Combining these sequences with the previous sequences from Baker et al. (1999) and Portway (1998) resulted in a 275-bp consensus region for a total of 136 samples representing 6 sampling locations (Table 1, Figure 1). These include 4 calving grounds: NZ (n = 42), SWA (n = 20), AR (n = 20), and SA (n = 41) and 2 feeding grounds: SWAF (n = 5) and SGF (2 = 8). An additional 10 haplotypes from AR were reconstructed from Malik et al. (2000) (Table 1). Because no frequency information was available for these sequences, they were only included in the phylogenetic reconstruction. The consensus region starts at the end of the tPro-RNA gene where position 1 corresponds to the same position in Baker et al. (1999). Alignment of sequences was unambiguous because there were no insertions or deletions. To allow easy reference to previous publications and reports, haplotypes were coded by a 3-letter abbreviation of the first author to report the haplotype, followed by the alphabetical or numerical code used in original publications (e.g., BakHapA from Baker et al. 1999)
The sex of the NZ samples was identified by the TaqI restriction digest of an amplified ZFX/Y gene (Palsbøll et al. 1992) and the sex of the SA samples was identified by multiplex amplification with 3 ZFX/Y primers (Bérubé and Palsbøll 1996).
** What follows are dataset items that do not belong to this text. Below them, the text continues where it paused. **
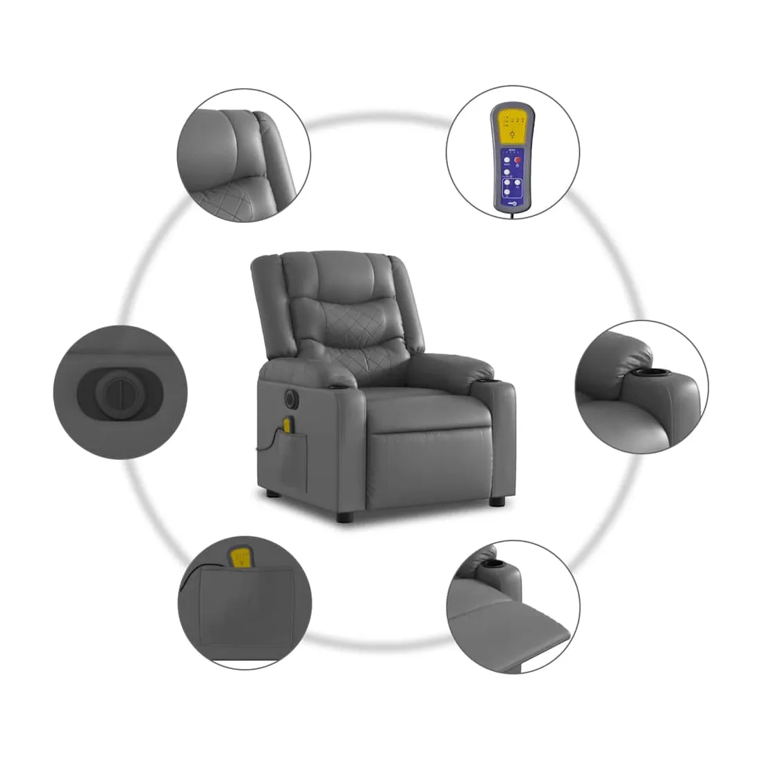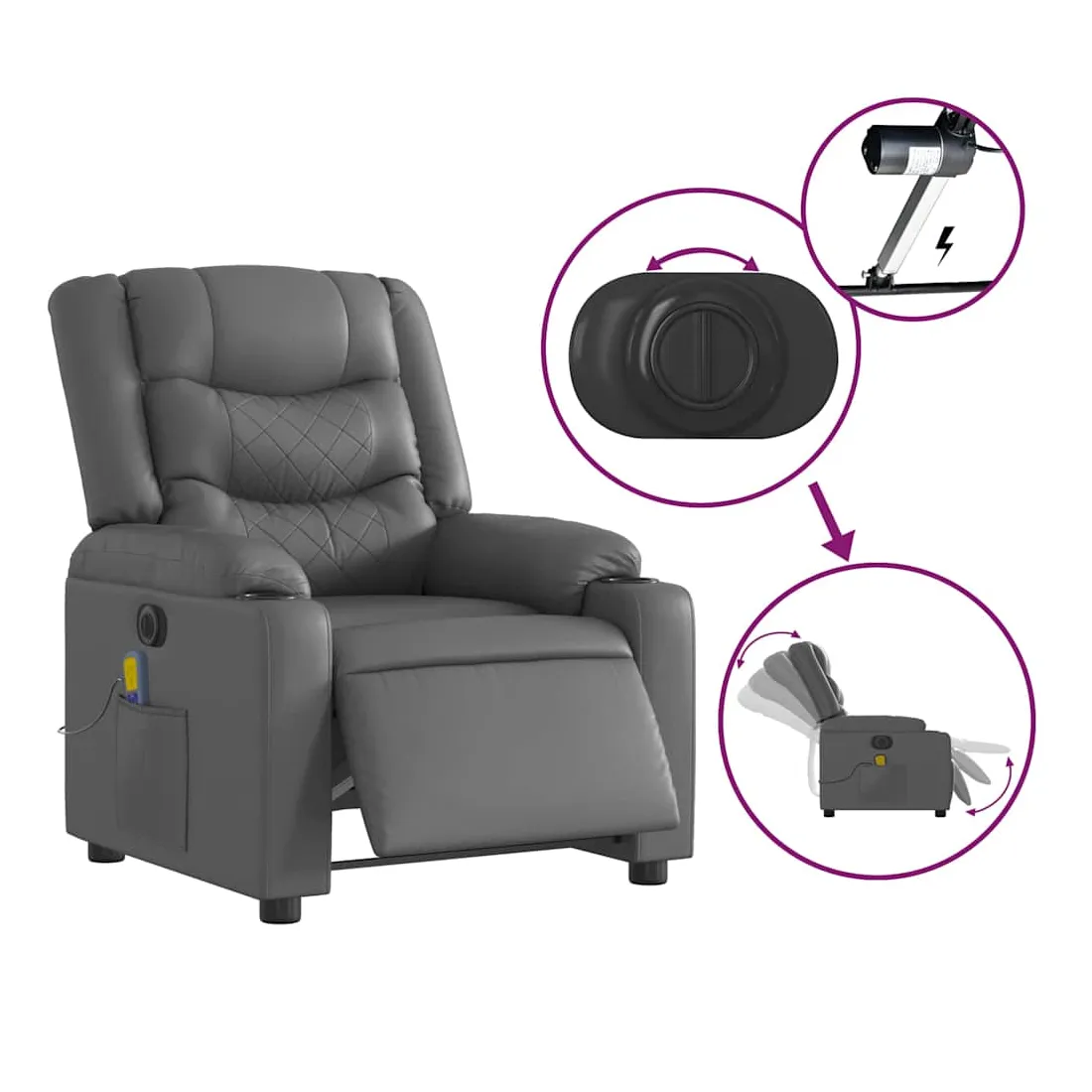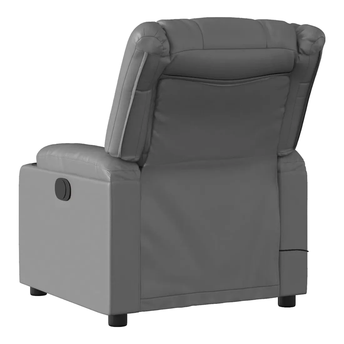 Asseyez-vous et détendez-vous dans ce fauteuil inclinable de massage électrique très confortable ! Fonction d'inclinaison électrique : ce fauteuil inclinable est équipé d'un moteur électrique qui permet de régler automatiquement le repose-pied et le dossier dans n'importe quelle position, selon votre confort, en appuyant simplement sur le bouton situé sur le côté du fauteuil. Cette fonction permet une inclinaison maximale de 135 degrés. En outre, le dossier peut revenir automatiquement à sa position d'origine par une simple pression sur le bouton.Fonction de vibration : les 6 points de massage vous permettent de faire l'expérience d'un massage mieux ciblé. De plus, la télécommande incluse vous permet de choisir différents programmes de massage. La fonction de massage est alimentée par le connecteur USB qui nécessite une source d'alimentation USB certifiée de 5 V (non fournie).Expérience de siège confortable : le siège, le dossier et les larges accoudoirs rembourrés épais recouverts de similicuir procurent une sensation confortable, vous faisant vous sentir enlacé lorsque vous êtes assis. Le similicuir est un matériau très résistant. Il est résistant aux taches, ce qui le rend facile à nettoyer avec un chiffon humide. La surface lisse donne également un aspect luxueux et la beauté du cuir véritable.Poche latérale pratique : ce fauteuil est doté d'une poche latérale pour ranger votre télécommande ou garder vos objets essentiels à portée de main.Cadre solide et stable : le cadre en bois et en métal offre une structure solide et une grande stabilité. Ce fauteuil inclinable est confortable et durable.
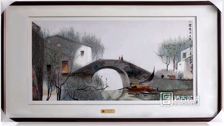 【蘇繡裝飾畫】水鄉裝飾畫、江南水鄉、小橋流水/酒店裝飾畫
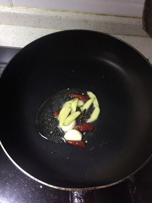 冰糖少许,葱姜蒜,红辣椒,八角,炒香。
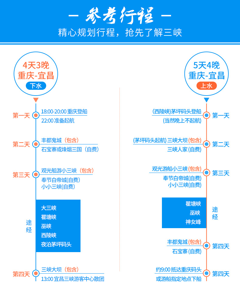 3、不含自費(fèi)游覽項(xiàng)目、景區(qū)小交通,如:豐都鬼城索道單程20元/人、往返35 元/人;三峽大壩景區(qū)電瓶車20元/人;三峽大壩規(guī)定,大件行李將強(qiáng)制托運(yùn),行李托運(yùn)費(fèi)30元/件(可隨身攜帶的行李標(biāo)準(zhǔn):體積不超過24×40×50厘米,且重量不超過5公斤);
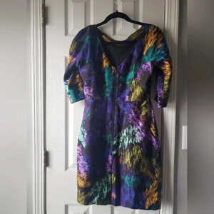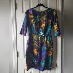 Beautiful Luxury Mini Sheath Watercolor Dress. Gently worn in great condition. 3/4 sleeves with back lower splits. Size 4 Chest/Bust 32" Length 34" Waist 27”

Phylogenetic Reconstruction
The phylogenetic relationship of maternal lineages of southern right whales was reconstructed with the program PAUP* 4.0d60 (Swofford 2000) using all available published or reconstructed mtDNA sequences. MtDNA sequence haplotypes from the North Atlantic (Malik et al. 2000) and the North Pacific right whales (Rosenbaum et al. 1997; Rosenbaum et al. 2000) were included to represent the worldwide diversity of right whales. The sequence for the out-group species, the bowhead whale (Balaena mysticetus), was obtained from Baker and Palumbi (1994; Genbank no. L35609). Optimal trees were constructed by heuristic search using maximum parsimony (MP), neighbor-joining (NJ), and maximum likelihood (ML). Based on a likelihood ratio test (Goldman 1993), the preferred model of evolution was HKY85 with variable rates among sites (HKY + G).
Population Demography
Two tests were performed to investigate past expansion or contraction in the southern right whale populations: Tajima's D-test of selective neutrality (Tajima 1989) and the mismatch distribution (Rogers and Harpending 1992). Tajima's D was calculated in the computer program ARLEQUIN version 2.000 (Schneider et al. 2000), and the significance of the D statistic was tested by simulating a distribution (1000 replicates) of D values under the null hypothesis of population stability (Schneider et al. 2000). In populations that have remained stable in size over time, Tajima's D-statistic is expected to be close to zero. Mismatch distributions were calculated using ARLEQUIN version 2.000, and the shape of the observed distribution was tested against the expected distribution under population expansion using the sum of squared deviations. The distribution is usually multimodal in samples drawn from populations at demographic equilibrium, whereas populations which have gone through a recent demographic expansion are expected to be unimodal (Slatkin and Hudson 1991; Rogers and Harpending 1992).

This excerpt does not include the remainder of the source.